Cajuns lead clean-up of Teche headwaters
Port Barre – Two clothes driers. Two washing machines. One hot-water heater. Two and a half stoves. Three and a half air conditioners. Three TV sets. Six refrigerators.
A dozen 55-gallon drums. Six automobile wheel rims. A dozen tires. Two vehicle gas tanks. Two propane tanks. Several barbecue pits.
A riding lawnmower.
One bedspring, seven chairs, about 180 square feet of sheet metal, fathoms of barbed wire, a set of metal stairs, metal pipe, PVC pipe, a wheelbarrow, brooms, mops, a fire extinguisher, 61 trash bags bulging with loose garbage, and the proverbial kitchen sink.
That’s just a partial inventory of the junk pulled by hand out of the headwaters of Bayou Teche here on May 8 by the crew of the St. Michael and volunteers in skiffs, jonboats, canoes and kayaks.
Cajuns for Bayou Teche was joined in the effort by the St. Landry Parish Tourist Commission, St. Landry Parish Government, St. Landry Parish Sheriff’s Office, St. Landry Parish Solid Waste, the Town of Port Barre, Port Barre Volunteer Fire Department, Port Barre Lions Club, Louisiana Department of Wildlife and Fisheries and Acadiana Resource Conservation and Development.
St. Landry Parish Government provided a grapple truck and operator, which greatly facilitated the removal of the heavier items from the boats at the landing.
“We are excited so many residents and organizations have stepped forward to address this problem,” said Blake Couvillion, founder of Cajuns for Bayou Teche and president of The TECHE Project.
Port Barre Mayor Gil Savoy expressed appreciation on behalf of the town and himself personally.
“I can remember as a young boy being able to launch from right here in Port Barre and being able to make it toward the Gulf and it can become a reality again today if we all do our part.”
Don LeBlanc, a long-standing member of the Port Barre Lions Club and the town’s ambassador of tourism, said he welcomes the attention being brought to the bayou.
“This is a problem that has needed to be corrected for some time,” LeBlanc said. “It is about quality of life for our residents and improvements will only lead to an increase in value of property located along Bayou Teche and Bayou Courtableau.”
It’s also a matter of pride as the Teche country gets ready to host canoe and kayak racers from all over the country in an inaugural ultra marathon this September, said Celeste Gomez, director of the St. Landry Parish Tourist Commission.
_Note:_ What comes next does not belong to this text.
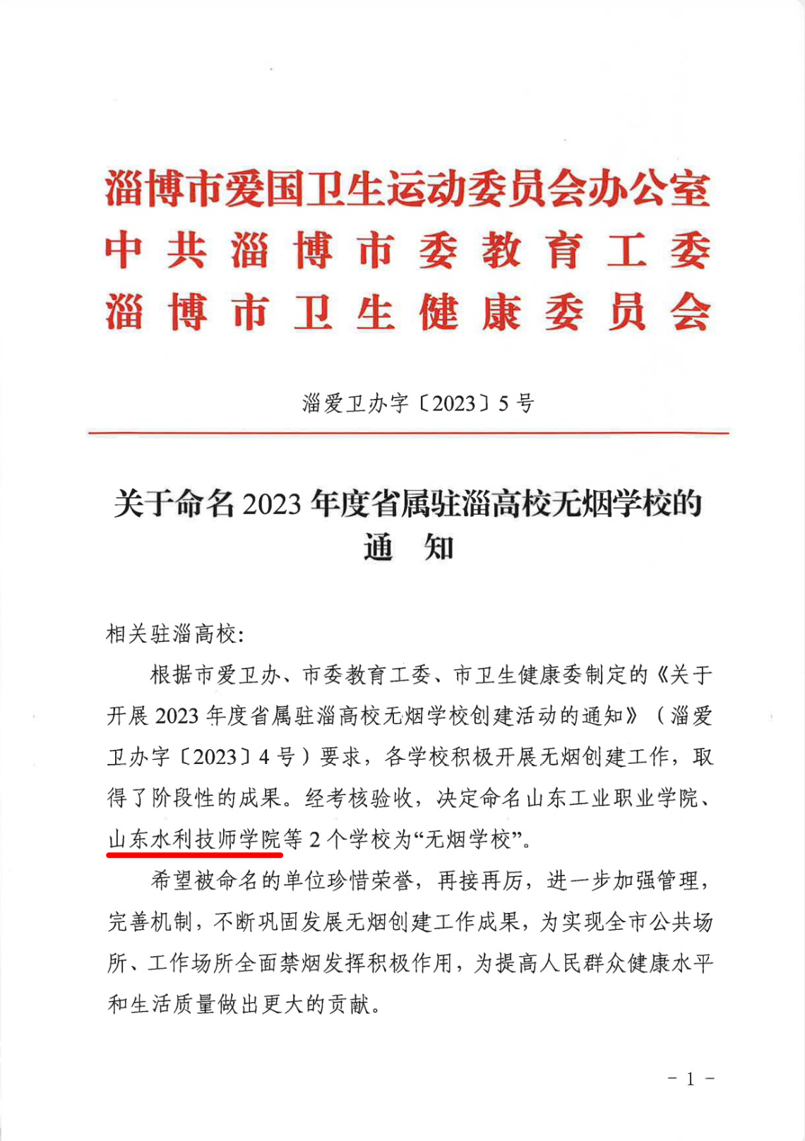11月30日,淄博市爱卫办、淄博市教育工委、淄博市卫生健康委公布2023年度省属驻淄高校“无烟学校”名单,山东水利技师学院获此殊荣。

“With the Tour du Teche just months away, we have plenty of work to do,” she said. “As one of the most important waterways traveled by our ancestors, we will resurrect that spirit of determination and pride that once flowed here. So we encourage families to join us on Saturday to be a part of this effort from the beginning and share with our youth a wonderful story of preservation and revitalization.”
Tour du Teche starts in Port Barre with the finish line 130 miles downstream in Berwick.
“Cajuns for Bayou Teche has been an important catalyst in inspiring communities along the Teche to see the bayou for the valuable cultural and environmental resources it is, said Kristen Kordecki, Bayou Teche watershed coordinator with Acadiana RC&D.
“Blake Couvillion and Anya Burgess of The TECHE Project have helped set in motion activities that will bring towns together to protect water quality and celebrate the history of the bayou.”
A bayou clean-up is set for Aug. 21, 9 a.m. - 3 p.m., from the Breaux Bridge boat ramp in Parc des Ponts de Pont Breaux and sponsored by Cajuns for Bayou Teche and the Kiwanis Club de Pont Breaux.